Suppose that $A(x)= \int_a^x t^2 \mathrm dt $ and that $A(x)= \frac{x^3}2$. Find $a$.
I think that the only solution is $a = 0$.
Assuming this is correct, is there a general method to find number a?
In general, we are interested in determining the primitive of a function f for which constant C is null. This particular primitive seems more " basic" as others, since the others can be obtained from it adding some constant C.
For example, all primitives of $f(x)=x^2$ will be written in terms of the "basic" primitive $F(x) = \frac{x^3}3$
Not all area functions ("accumulation functions") of a function, say, once again $f(x)=x^2$, will be identical to its "basic" primitive. For example, the area function defined as $x \mapsto \int_5^x t^2 \mathrm dt$ is not identical to the “basic” primitive of $f$, that is, to $F(x)= \frac{x^3}3$. (See image below.)
Apparently, only the function $x \mapsto \int_0^x t^2\mathrm dt$ is identical to the basic primitive $F(x)$ as defined above.
Hence my question: is there a method to determine which particular area function of a function $f$ (with which domain, and in particular which number $a$ as limit of integration) is identical to the "basic/standard" primitive of $f$?
The image below shows that the area function A(x) with a=0 is identical to the " basic" primitive of f(x)=x². this is not the case with a=5.
We require $A(x) = x^3/3$ and we compute $$ A(x) = \int_a^x t^2 \,\mathrm{d}t = \left. \frac{t^3}{3} \right|_{t=a}^x = \frac{x^3}{3} - \frac{a^3}{3} \text{.} $$ Equality of these two expressions for $A(x)$ requires $-a^3/3 = 0$, which forces $a = 0$.
The general technique, demonstrated above, is to compute the definite integral, then solve the resulting equality for the value or values of $a$ that satisfy it.
Warning: The set of accumulation functions is not the full set of antiderivatives and it can be confusing to think otherwise at this time.
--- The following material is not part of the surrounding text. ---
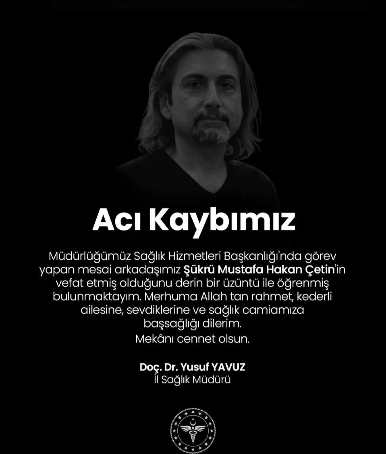 İl Sağlık Müdürü Doç. Dr. Yusuf Yavuz, Sağlık Hizmetleri Başkanlığı bünyesinde görev yapan Şükrü Mustafa Hakan Çetin’in vefat ettiğini duyurarak derin üzüntüsünü paylaştı.

An example of this deficiency of accumulation functions is: find $b$ such that $B(x)$, the accumulation function of $2x$ is $B(x) = x^2 + 10$. We proceed by the generic technique: $$ \int_b^x 2t \,\mathrm{d}t = \left. \frac{2t^2}{2} \right|_{b}^x = x^2 - b^2 \text{.} $$ This gives the equation $10 = -b^2$, which has no solution (because the left-hand side is positive and the right-hand side is negative for all choices of $b$). However, $\frac{\mathrm{d}}{\mathrm{d}x} \left( \frac{x^2}{2}+10 \right) = 2x$, so this $B$ is an example of an antiderivative of $2x$ which is not an accumulation of $2x$.
Also, beware this notion of "basic": Any identity that happens to contain a constant offset makes "basic"ness unclear. Which is more "basic": $\sec^2 \theta$ or $\tan^2 \theta + 1$. The two expressions are equal for all $\theta$ and the "${}+1$" is not optional.